120,000 Btuh gas furnace

50,000 Btuh hot water heater

170,000 total Btuh input

170 x 50 = 8500 ft3 required.

And, if the ceiling height is 8 feet, then

8500 / 8 ft. ceiling = 1062.5 ft2 required.

Now, if we had the typical 8’ x 5’ utility room in a finished basement. That would amount to only 40 ft2. We would need more space/air.

Where will you get the air from?

Confined spaces like furnace rooms, boiler rooms, or utility rooms are of most concern. If you were to take the air from an adjacent area, like a finished basement, as in Figure 1, then, you would need two openings, one within 12” of the ceiling and one within 12” of the floor. Each opening must have a minimum free area of one square inch per 1000 Btuh of the total input of all the appliances in the enclosure.

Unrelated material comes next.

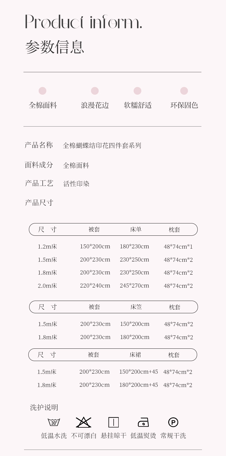 商品名称:瑞莱 2024新款13372舞动花边全棉四件套 梦蝶

So, in our example utility room, with 170,000 Btuh total input, we would need two openings each with a free area of 170 in². If we wanted to take advantage of the open space between studs (14”), then, 170 / 14 = 12.14”. A 14” x 12” opening would be a little too small. Two 14” x 14” openings would be an excellent choice. Remember, the codes we work under establish minimum standards. Also, when choosing a grille to cover those openings, pay attention to the free area (Ak) of the grille.

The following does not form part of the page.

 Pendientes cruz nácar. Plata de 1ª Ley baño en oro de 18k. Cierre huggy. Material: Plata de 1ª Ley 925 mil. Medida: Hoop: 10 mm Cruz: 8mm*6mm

You can opt to take the air from a ventilated attic and a ventilated crawl space, as in Figure 2. Now, you will require two openings, one within 12” of the ceiling and one within 12” of the floor. Each opening must have a minimum free area of one square inch per 4000 Btuh of the total input of all the appliances in the enclosure.

Another possibility is to take all of the necessary air from a ventilated attic as in Figure 3, and the opening requirements will be the same (one square inch per 4000 Btuh of the total input).

You can also take all of the air from outside via ducts, as in Figure 4. Now, your requirements are, two openings, one within 12” of the ceiling and one within 12” of the floor. Each opening must have a minimum free area of one square inch per 2000 Btuh of the total input of all the appliances in the enclosure.

What if you can’t get large air ducts or openings to the outside?

What if your boiler room is an interior room and there is no good way to get air ducts to the outside or to a vented attic or crawl space? Not to worry. There are mechanical devices that can bring the air into that interior utility room. For instance, Field Controls makes a device they call a Fan In A Can. Using this product (Model CAS-4) you would be able to supply enough combustion air for our furnace and hot water heater (170,000 Btuh total input) with one single 4” round duct up to 152 feet away from an outside wall. You can electrically interface this product with the appliances in the utility room so that when any one or all of them fire up, the necessary outside air will be introduced into the utility room.

It is the installing and/or servicing contractor’s responsibility to make sure that the proper amount of oxygen is present for complete combustion to occur. Make sure that you and everyone on your team understands these principles. Get a good handheld CO detector and learn how to use it properly. The safety of your customers should always be your first priority.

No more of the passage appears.